What do you guys thing about the P4
Josh Fryman
fryman at cc.gatech.edu
Wed Apr 4 21:10:16 PDT 2001
i'm not familiar with your specific tests, but i can address the questions
you asked. loosely paraphrased: the p4 architecture (insert "CPU XYZ" for
P4 here as well) sometimes simply sucks running non-p4 optimized code.
why?
(deep) pipelines require compiler tricks to reschedule code to hide stalls
and latencies. the p4 has a pipeline 2x as deep as p3. every time a stall
would occur and was hidden in your p3 code, you now kill 10 cycles waiting
for the 20-cycle pipeline to be ready. think how often you do something
that induces stalls - like memory dependent instructions
a = b + c
b = a * 2
and things like loops/branches which induce other problems with similar
consequences. also, realize that the time spent doing arithmetic ops
is dependent on the type of op you ask for. sometimes (well, it used to
be the case in the bad old days) a bunch of ADD's would run much faster
than one MUL. so if the compiler doesn't know how to use the fastest-
time ops for a given program segment, it may choose poorly through
ignorance. now think about those fancy bulk-move-memory instructions that
are all-new, and some of those vector-multiply instructions, etc that
the P4 introduced. how many chunks of 10's of instructions can be
replaced by something that's 1 instruction that executes in some fraction
of the time?
every time a new CPU comes out with new architectural features, it takes
a while for everything to get recompiled. once it's recompiled, and people
find it's still slow, they back up and look at why. a little profiling
shows that *that* loop the compiler isn't smart enough to unroll 10 times,
so you have to do it by hand in the code. then it gives good results.

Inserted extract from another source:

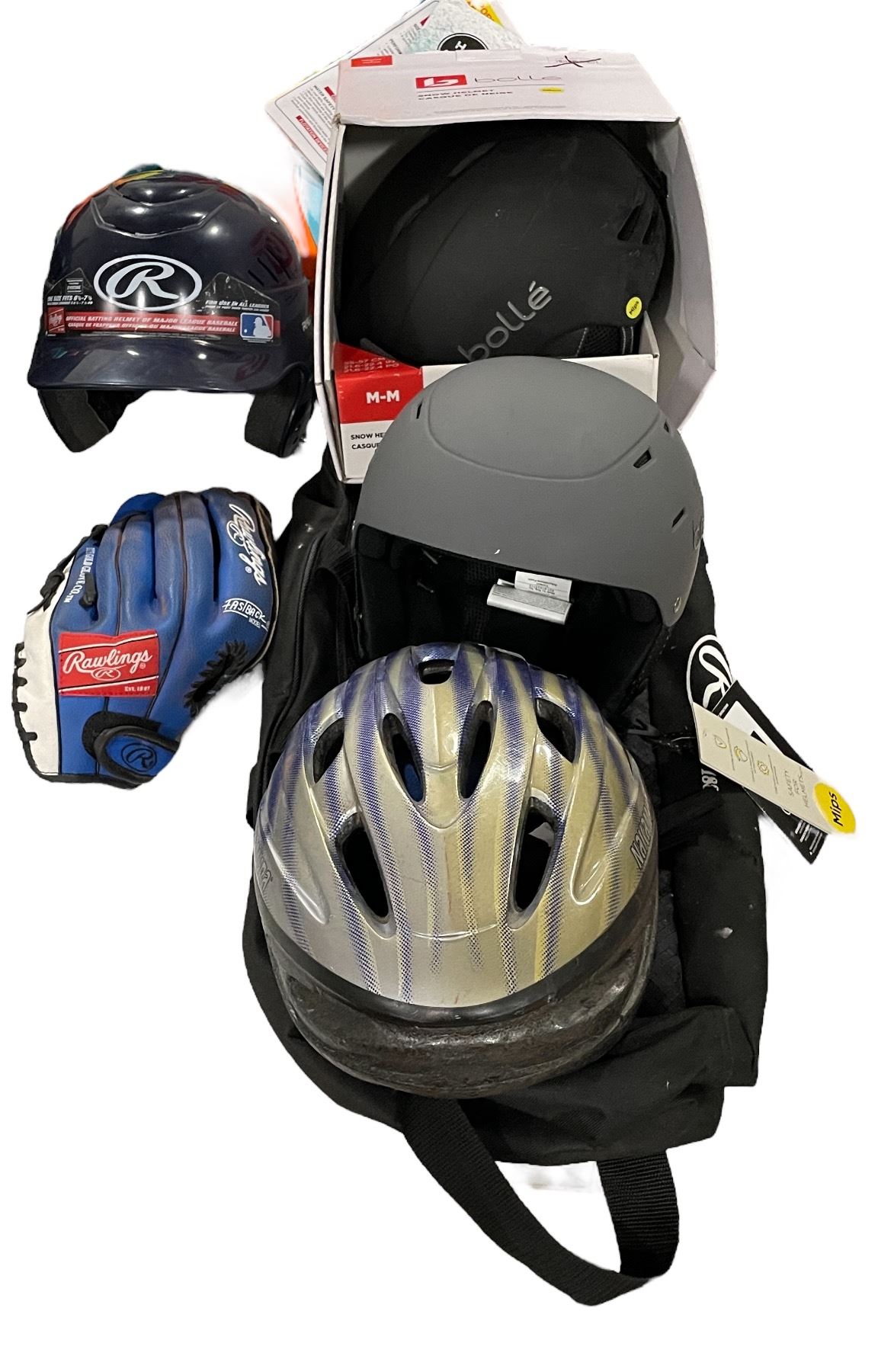 Group of assorted helmets & Rawlings Baseball batting helmet & glove

this is the way everything gets done... optimizing compilers with specific
architecture support are good, but can't beat humans.
a simple example. when the p4 first sampled to hardware groups for eval,
everyone benchmarked things like MPEG2 and MPEG3 encode/decode and such.

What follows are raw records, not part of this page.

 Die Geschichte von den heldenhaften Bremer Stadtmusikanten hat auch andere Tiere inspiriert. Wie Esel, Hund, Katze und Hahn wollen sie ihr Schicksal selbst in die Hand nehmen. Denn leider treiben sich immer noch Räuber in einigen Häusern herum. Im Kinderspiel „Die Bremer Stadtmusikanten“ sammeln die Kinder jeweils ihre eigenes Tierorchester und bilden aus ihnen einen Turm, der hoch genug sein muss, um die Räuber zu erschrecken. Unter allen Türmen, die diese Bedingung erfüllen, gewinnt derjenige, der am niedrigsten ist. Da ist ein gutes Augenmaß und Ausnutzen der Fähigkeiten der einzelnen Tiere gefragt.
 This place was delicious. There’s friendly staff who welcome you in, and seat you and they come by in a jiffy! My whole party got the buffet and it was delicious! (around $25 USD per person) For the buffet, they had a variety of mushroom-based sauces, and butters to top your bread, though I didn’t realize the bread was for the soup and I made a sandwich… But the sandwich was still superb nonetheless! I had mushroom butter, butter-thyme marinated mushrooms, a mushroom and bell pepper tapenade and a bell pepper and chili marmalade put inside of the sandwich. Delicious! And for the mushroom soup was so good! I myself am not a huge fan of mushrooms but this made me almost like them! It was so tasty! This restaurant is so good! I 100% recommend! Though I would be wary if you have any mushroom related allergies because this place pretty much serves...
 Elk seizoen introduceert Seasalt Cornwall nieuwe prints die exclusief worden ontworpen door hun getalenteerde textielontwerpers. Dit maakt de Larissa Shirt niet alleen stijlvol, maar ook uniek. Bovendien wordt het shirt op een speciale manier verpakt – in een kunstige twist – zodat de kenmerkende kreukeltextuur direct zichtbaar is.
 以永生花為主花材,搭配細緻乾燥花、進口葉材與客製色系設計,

they found that the P4 at 1.4G was SLOWER than a P3 at 800M. why? b/c of
the pipeline stalls and assembly optimizations that were meant for a
different CPU's internals.
a couple of intel engineers, without doing a full optimization, made a
couple of tweaks to the ASM and recompiled with a P4-aware compiler and
it kicked the pants off everything around. they made their changes
public. the hardware sites then invited AMD to optimize their code for
their chips and do a new comparison, but AMD has thus far declined to
do so. why? probably because they know it won't help much if at all.
don't get me wrong - AMD makes good stuff. but just because whiz-bang
processor comes out doesn't mean you can do whiz-bang stuff right away.
and if you're running an App that is *performance* bound, then it's
*your* job to figure out how to make it run as fast as possible on the
hardware you've got, and optimize it accordingly. never trust a
compiler to do it right. you can easily get 50-500% improvements in
your programs if you know how to do this. the same thing applies to
partitioning the communication latencies in parallel apps. but as
always, this is application-specific and YMMV.
all of this is thoroughly discussed in Hennessy & Patterson's books.
specifically, Computer Architecture: A Quantitative Approach. (well, by
thoroughly i mean that it's explained in detail as a general problem;
the specifics of the P4 you'd have to read up on from Intel and various
places like "tom's hardware" and such.) this is *the* architecture
reference book, a must-have for you if you need to do/know this stuff.
also see "parallel computer architecture" ... don't recall the authors
at the moment. ask if you want to know.